> **TASK**
Nothing but the pictures should be left out when the entries below are duplicated.

> **GIVEN DATA**
-------------------------

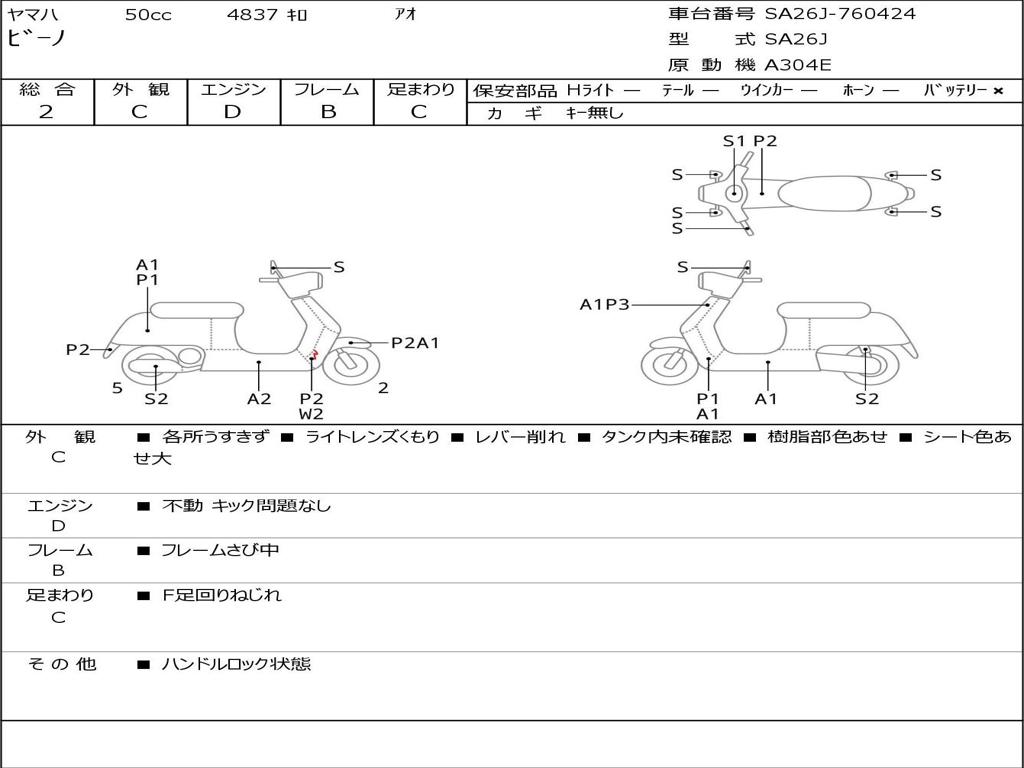 | Номер рамы / VIN | SA26J-760424 |
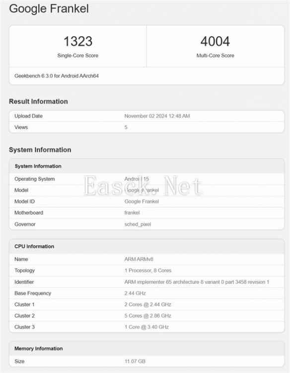 最近一款代号为“Google Frankel”的设备现身跑分网站Geekbench,这款设备搭载了谷歌自研芯片Tensor G5,单核成绩是1323,多核成绩是4004。
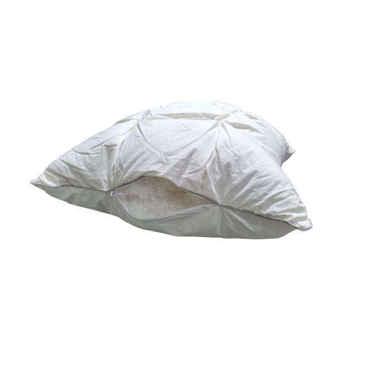 Dankzij de rits, kunt u de wol uit het kussen halen en de tijk/sloop van het kussen separaat wassen. De wol vulling zelf is uiteraard niet wasbaar. Deze moet speciaal behandeld worden. Ga daarvoor naar een stomerij.
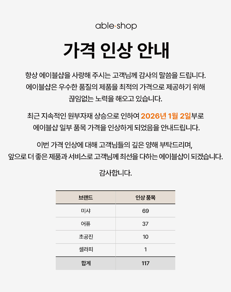 [미샤,어퓨,초공진,셀라피] 일부 품목 가격 인상 안내
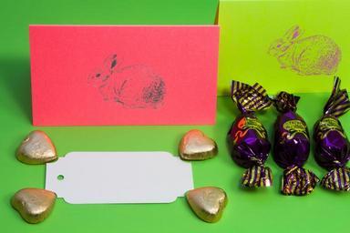 Keywords: easter bunny chocolate pralines gold hearts spring frühlingsanfang spring awakening easter red green yellow violet silver coinage text box die cut colorful
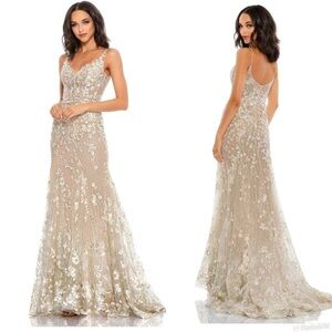 Mac Duggal Floral Embroidered Corset Bodice Gown
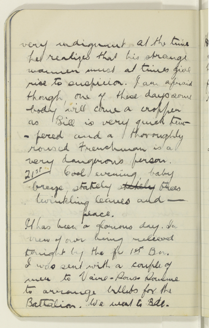 very indignant at the time he realizes that his strange manner must at times give rise to suspicion. I am afraid though, one of these days some body will come a cropper as Bill is very quick tempered and a thoroughly roused Frenchman is a very dangerous person.
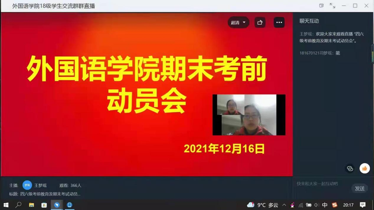 为树立员工诚信为本的道德观念,营造诚实守纪的考试氛围,进一步推进公平公正的考风考纪建设,12月16日,best365足球官网在线上于钉钉群举行了四六级考前教育暨期末考试动员会。会议由best365足球官网副经理贾宏春、辅导员王梦瑶主讲,best365足球官网全体员工都参加了此次会议。
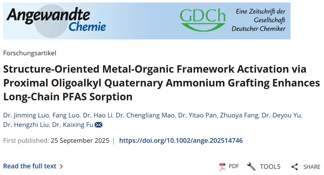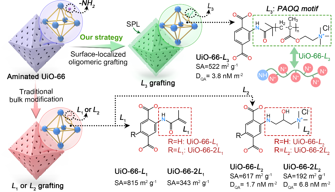 近日,香港AV 罗金明副研究员在《德国应用化学》(Angewandte Chemie)上发表了题为“Structure-Oriented Metal-Organic Framework Activation via Proximal Oligoalkyl Quaternary Ammonium Grafting Enhances Long-Chain PFAS Sorption”的研究成果。该研究成果突破传统MOF修饰局限,提出了一种表面局域化寡聚枝接策略,在UiO-66-NH₂表面精准构筑了邻近排列的寡聚烷基季铵盐(PAOQ)功能基元。该设计巧妙规避了MOF内部微孔的空间限制与传质壁垒,实现了功能基团负载量2.2倍的提升,并通过季铵盐与柔性烷基链的精确空间协同,实现了对长链PFAS的双模式高效捕获。
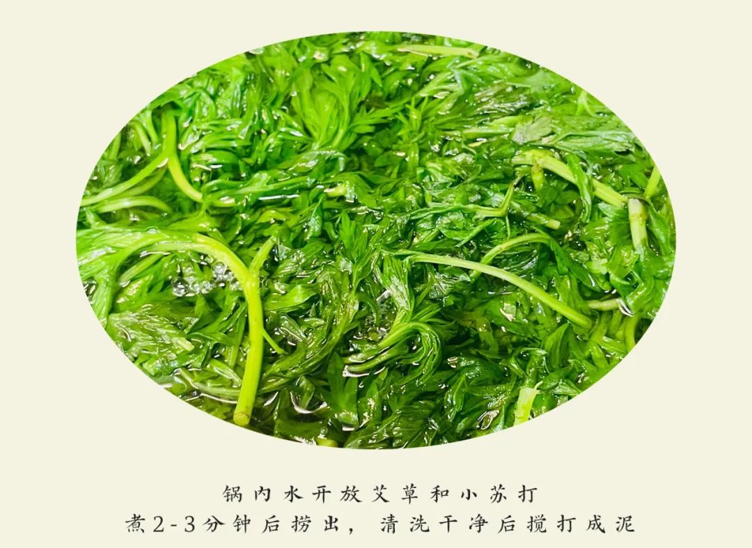 1,锅内水开放艾草和小苏打,煮2-3分钟后捞出,清洗干净后搅打成泥

-------------------------

> **EXERCISE OUTPUT**
 | Номер рамы / VIN | SA26J-760424 |
 最近一款代号为“Google Frankel”的设备现身跑分网站Geekbench,这款设备搭载了谷歌自研芯片Tensor G5,单核成绩是1323,多核成绩是4004。
 Dankzij de rits, kunt u de wol uit het kussen halen en de tijk/sloop van het kussen separaat wassen. De wol vulling zelf is uiteraard niet wasbaar. Deze moet speciaal behandeld worden. Ga daarvoor naar een stomerij.
 [미샤,어퓨,초공진,셀라피] 일부 품목 가격 인상 안내
 Keywords: easter bunny chocolate pralines gold hearts spring frühlingsanfang spring awakening easter red green yellow violet silver coinage text box die cut colorful
 Mac Duggal Floral Embroidered Corset Bodice Gown
 very indignant at the time he realizes that his strange manner must at times give rise to suspicion. I am afraid though, one of these days some body will come a cropper as Bill is very quick tempered and a thoroughly roused Frenchman is a very dangerous person.
 为树立员工诚信为本的道德观念,营造诚实守纪的考试氛围,进一步推进公平公正的考风考纪建设,12月16日,best365足球官网在线上于钉钉群举行了四六级考前教育暨期末考试动员会。会议由best365足球官网副经理贾宏春、辅导员王梦瑶主讲,best365足球官网全体员工都参加了此次会议。
 近日,香港AV 罗金明副研究员在《德国应用化学》(Angewandte Chemie)上发表了题为“Structure-Oriented Metal-Organic Framework Activation via Proximal Oligoalkyl Quaternary Ammonium Grafting Enhances Long-Chain PFAS Sorption”的研究成果。该研究成果突破传统MOF修饰局限,提出了一种表面局域化寡聚枝接策略,在UiO-66-NH₂表面精准构筑了邻近排列的寡聚烷基季铵盐(PAOQ)功能基元。该设计巧妙规避了MOF内部微孔的空间限制与传质壁垒,实现了功能基团负载量2.2倍的提升,并通过季铵盐与柔性烷基链的精确空间协同,实现了对长链PFAS的双模式高效捕获。
 1,锅内水开放艾草和小苏打,煮2-3分钟后捞出,清洗干净后搅打成泥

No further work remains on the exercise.